Chronique

Rob Mazurek Exploding Star Orchestra

Live at Adler Planetarium

Label / Distribution : International Anthem

Que la musique de Rob Mazurek soit cosmique, cela ne fait aucun doute. Climat revendiqué, électronique planante, construction aussi solide qu’elle peut être évanescente, ce qu’il démontre album après album, sous les T®opics ou ailleurs, n’a pas d’équivalent terrestre. Sa plus récente mouture de l’Exploding Star Orchestra, sorte de champ d’astéroïdes du jazz étasunien, en témoigne encore davantage ; Lightning Dreamers avait passablement marqué les esprits l’an passé, notamment avec l’adjonction de la voix du poète Damon Locks. Sa version live, sortie sur le label International Anthem et enregistré à l’Adler Planetarium de Chicago, en multiplie les effets : comment faire plus cosmique ? Comment faire plus électrique ? Les prises d’initiative inflammables de Craig Taborn et Angelica Sanchez sur « Parable 3000 » qui répondent aux constructions brutes des batteries de Gerald Cleaver et Chad Taylor en sont la brillante illustration. Les voyages spatiaux commencent sous le dôme des étoiles.

Il y a cette rythmique puissante, à laquelle s’ajoute la basse d’Ingebrigt Håker Flaten, résident texan comme Mazurek. Ce dernier est surtout le passeur vers l’autre pôle, l’accélérateur de particules qui communique avec l’autre force d’attraction de cet Exploding Star Orchestra, la relation entre la flûtiste Nicole Mitchell et la violoncelliste Tomeka Reid. Chez les deux anciennes dirigeantes de l’AACM, il y a une grammaire commune, magnifiquement mise en avant et sur laquelle la trompette brûlante et radioactive de Mazurek flotte comme pour favoriser l’entropie. Mitchell est partout et Reid la propulse, l’électronique et les batteries sont autour d’elles un anneau de puissance.

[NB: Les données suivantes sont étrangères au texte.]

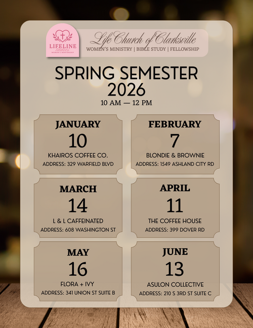 This year, we are kicking off our first semester of Lifeline Ladies, our women's ministry and mentorship program. We'll be going through Growing Together: Taking Mentorship Beyond Small Talk and Prayer Requests by Melissa Kruger. The focus of this book and our year is on developing mentorship relationships that foster meaningful connections, employ a biblical discipleship model, and promote growth together as women of Christ. We meet once a month from 10:00 AM to 12:00 PM around town as we support local businesses. Take a look at our schedule and join us at our next meetup!
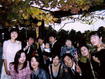 | 外でみんなで記念撮影。ナカツカさんのベイビーにはじめてあったよ。かわいかったぁ。今回私なぜかオールしちさんヘアーでございました。 女性陣はまれに見る気合いの入れ用でありまして・・ |

C’est le sens de « Black River » où la voix de Locks ajoute cette singularité, ce mystère cosmique qui transporte cette musique contemporaine jusqu’aux racines d’un blues rocailleux, véritable noyau d’un projet luxueux et voyageur.

Il y a de l’effervescence dans ce Live At The Adler Planetarium, mais il n’y a pas de volonté d’esbroufe ni de mettre en avant une quelconque force de frappe. Comme tout système cosmique, tout est affaire d’ondes et d’orbites, de matière et d’attirance. Rob Mazurek y tient une position solaire sans se placer au centre, ce qui tient d’un paradoxe, capable d’imaginer quelque origine magique ou issue de phénomènes physiques encore à découvrir. C’est en tout cas une formidable façon de se laisser mener dans un univers unique constitué de forces infinies ; le plus immédiat des voyages sidéraux.

par Franpi Barriaux // Publié le 15 décembre 2024
P.-S. :

Rob Mazurek (dir, tp, perc voc, elec), Nicole Mitchell (fl, voc, elec), Damon Locks (voc, elec, fx), Tomeka Reid (cello, elec), Craig Taborn, Angelica Sanchez (cla, elec), Ingebrigt Håker Flaten (b), Chad Taylor, Gerald Cleaver (dm).